EXERCISE: In this exercise, the entries below include pictures. Repeat exactly the lines from the line with "融资方面,当日融资买入814" to the line with "今日の献立は、ごはん、牛乳、かにたま、チンゲンサイソテー、マーボー豆腐です。", including both, but without the pictures.

INPUT FOR THIS TASK:
--
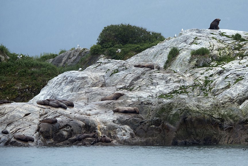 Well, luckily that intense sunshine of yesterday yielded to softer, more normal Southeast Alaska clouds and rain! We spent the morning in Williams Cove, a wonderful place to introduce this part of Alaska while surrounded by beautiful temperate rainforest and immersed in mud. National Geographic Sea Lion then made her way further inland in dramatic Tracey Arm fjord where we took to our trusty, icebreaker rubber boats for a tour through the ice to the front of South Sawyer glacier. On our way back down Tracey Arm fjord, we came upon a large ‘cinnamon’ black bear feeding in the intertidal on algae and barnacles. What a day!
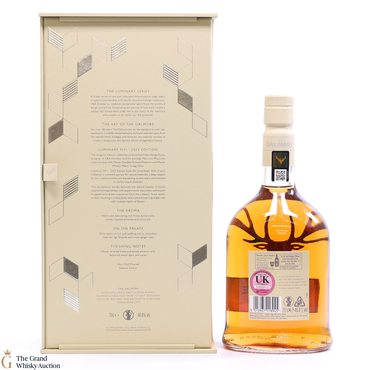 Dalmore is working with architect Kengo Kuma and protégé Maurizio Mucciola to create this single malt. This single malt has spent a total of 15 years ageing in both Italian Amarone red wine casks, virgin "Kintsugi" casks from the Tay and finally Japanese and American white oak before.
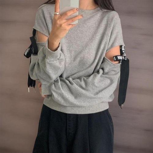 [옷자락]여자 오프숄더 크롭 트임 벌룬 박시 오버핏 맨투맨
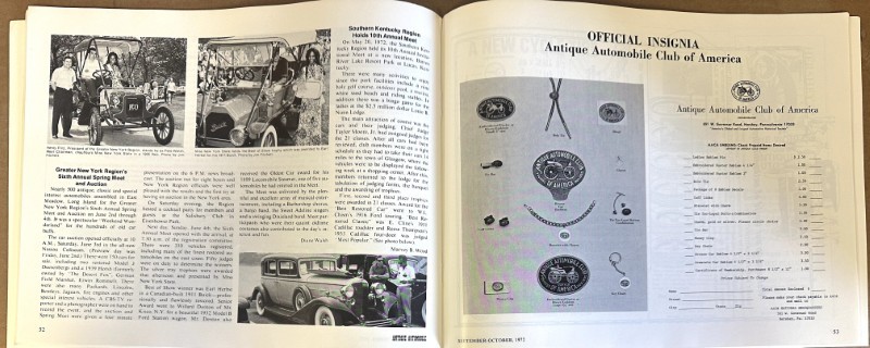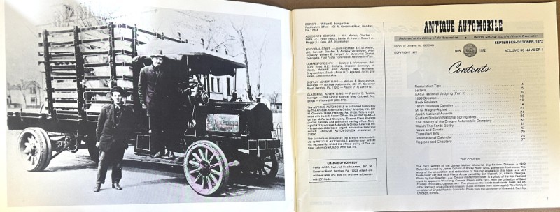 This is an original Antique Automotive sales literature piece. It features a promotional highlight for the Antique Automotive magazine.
--
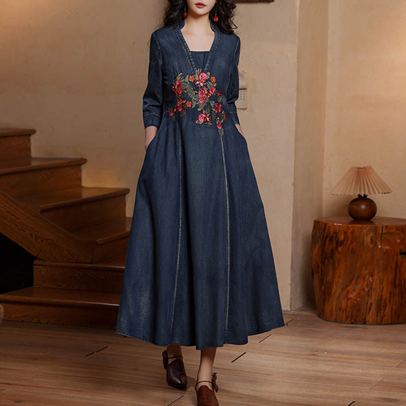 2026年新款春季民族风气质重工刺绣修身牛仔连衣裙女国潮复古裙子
--
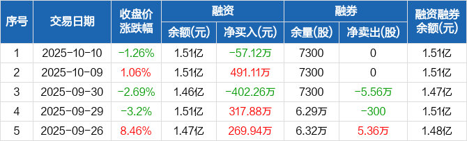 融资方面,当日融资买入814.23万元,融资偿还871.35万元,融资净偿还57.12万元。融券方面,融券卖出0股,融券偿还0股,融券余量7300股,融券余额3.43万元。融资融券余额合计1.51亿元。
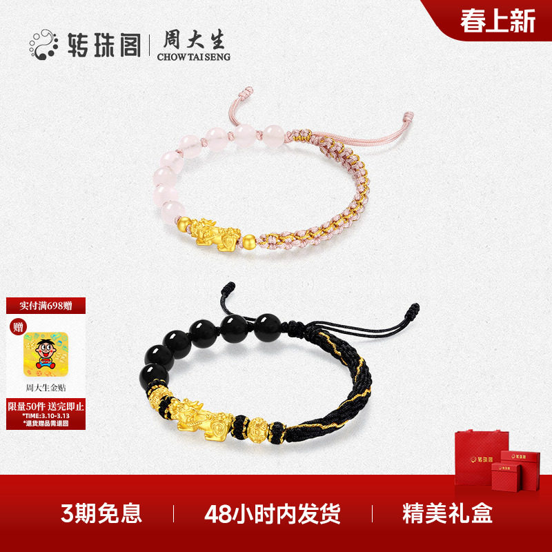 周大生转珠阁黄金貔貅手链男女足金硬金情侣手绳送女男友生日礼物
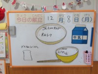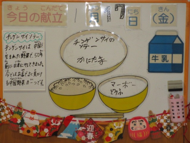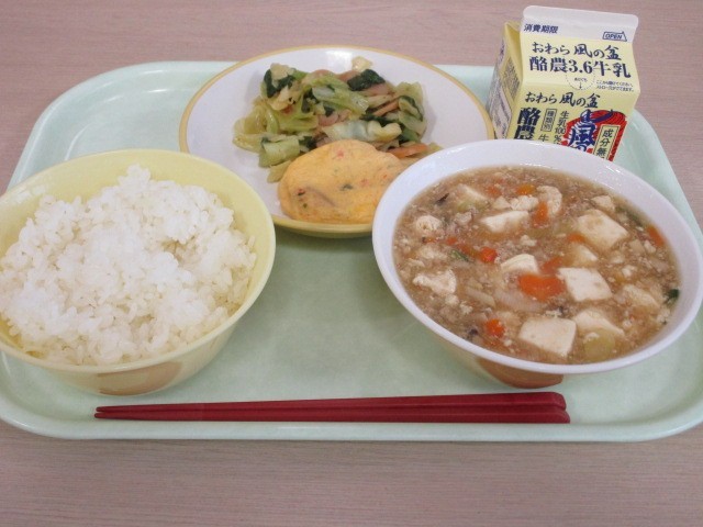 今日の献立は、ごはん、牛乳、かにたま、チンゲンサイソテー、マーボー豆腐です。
--
RESULT OF THIS TASK:
 融资方面,当日融资买入814.23万元,融资偿还871.35万元,融资净偿还57.12万元。融券方面,融券卖出0股,融券偿还0股,融券余量7300股,融券余额3.43万元。融资融券余额合计1.51亿元。
 周大生转珠阁黄金貔貅手链男女足金硬金情侣手绳送女男友生日礼物
 今日の献立は、ごはん、牛乳、かにたま、チンゲンサイソテー、マーボー豆腐です。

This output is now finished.